7.1 Dans les affaires précitées soleuroise et uranaise, le Tribunal fédéral a examiné la constitutionnalité des quotas féminins uniquement sous l'angle du principe de la proportionnalité ainsi qu'au regard de leur compatibilité avec les garanties attachées aux droits politiques. Saisi, dans les deux cas, d'un recours de droit public portant sur le contrôle abstrait des initiatives cantonales mises en cause - la première de rang législatif, la seconde de rang constitutionnel -, il n'avait en effet pas à s'exprimer spécifiquement sur les exigences requises en matière de base légale pour instaurer les quotas litigieux (cf.
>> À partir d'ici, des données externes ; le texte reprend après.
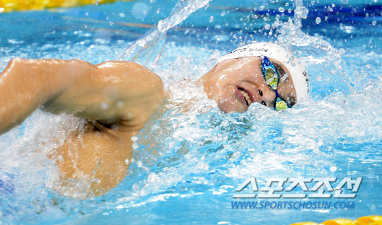 21일 인천 문학박태환수영장에서 열린 2014 인천아시안게임 남자 자유형 200m 예선경기에서 중국의 쑨양이 힘차게 질주하고 있다. 쑨양은 200m 예선에서 전체 1위로 결선에 진출했다.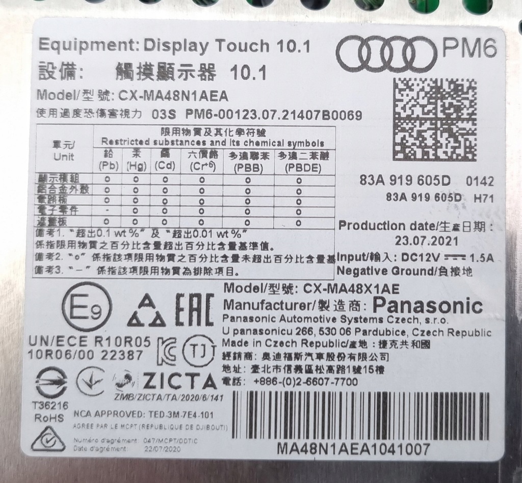 | Part manufacturer | Audi OE |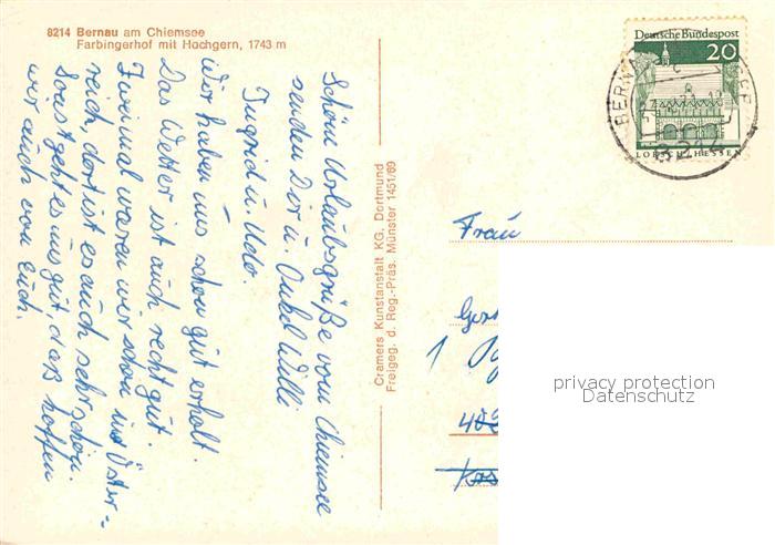 72626437 alte Postkarte Bernau Chiemsee Farbingerhof mit Hochgern Chiemgauer Alpen Fliegeraufnahme postalisch gelaufen Erhaltung siehe scans [FriedD77] KatCode: 11110009187118
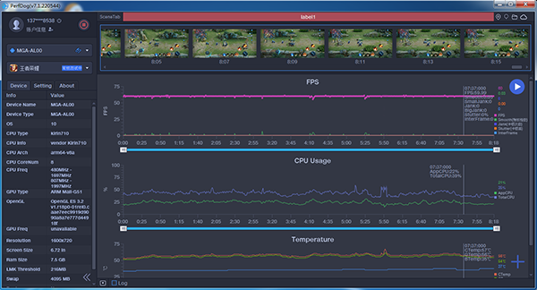 與此同時,像玩熱門的《王者榮耀》游戲,可以在高幀率、超高分辨率設(shè)置模式下全程穩(wěn)定地運行在60幀上下,確保整個游戲的過程流暢不卡頓,而通過性能狗軟件測得游戲體驗期間JANK卡頓數(shù)據(jù)為0,即未出現(xiàn)丟幀的情況,CPU總占用也維持在僅40%左右,而且手機的發(fā)熱量很小。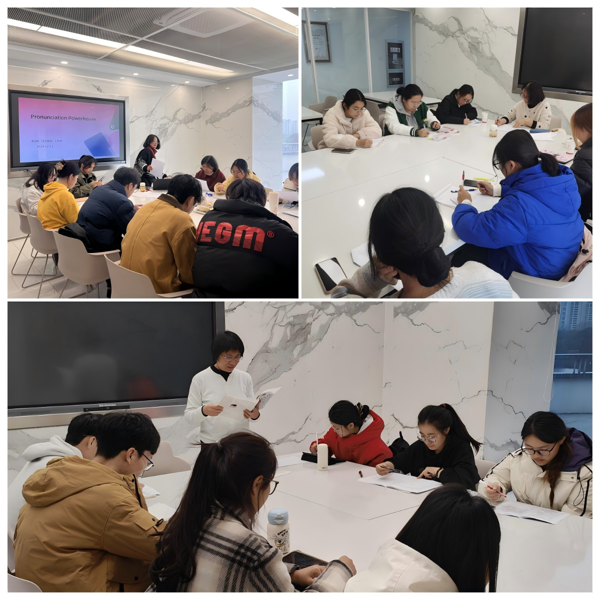 在语法专项指导中柯可和焦静霞老师通过实例分析和错误纠正,帮助员工掌握英语语法难点。教师们特别强调了时态、语态、从句等复杂语法结构的运用,结合英语表达实例,让员工在实际语境中运用所学语法知识,加深对语言的理解和应用。语音专项指导包括音标学习、单词重音、语调变化及口语话题输出等,陆萍、刘露、焦静霞和万中艳老师以小组为单位,对员工的发音进行一对一指导。通过模仿练习、朗读实践和即时反馈,从而帮助员工清晰地认识到自己的发音问题,并及时纠正。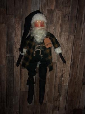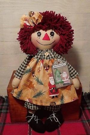 Primitive Handmade CHRISTMAS RAGGEDY ANN DOLL SANTA & Reindeer Dress Folk Art

VINCENT MARTENET, Géométrie de l'égalité, Zurich/Bâle/Genève 2003, n. 773 et 776). Il n'en demeure pas moins que des mesures positives - empiétant sur le principe de l'égalité, au sens formel - doivent être prévues dans une loi; cette exigence est en effet une conséquence directe du rattachement constitutionnel de telles mesures à la deuxième phrase de l'art. 8 al. 3 Cst. (cf. ANDREAS AUER, "Combien de chameaux pour une professeure?": La constitutionnalité plus que douteuse du système des primes à la nomination, in Kopfprämien für Professorinnen?, op. cit., p. 13 ss, 17).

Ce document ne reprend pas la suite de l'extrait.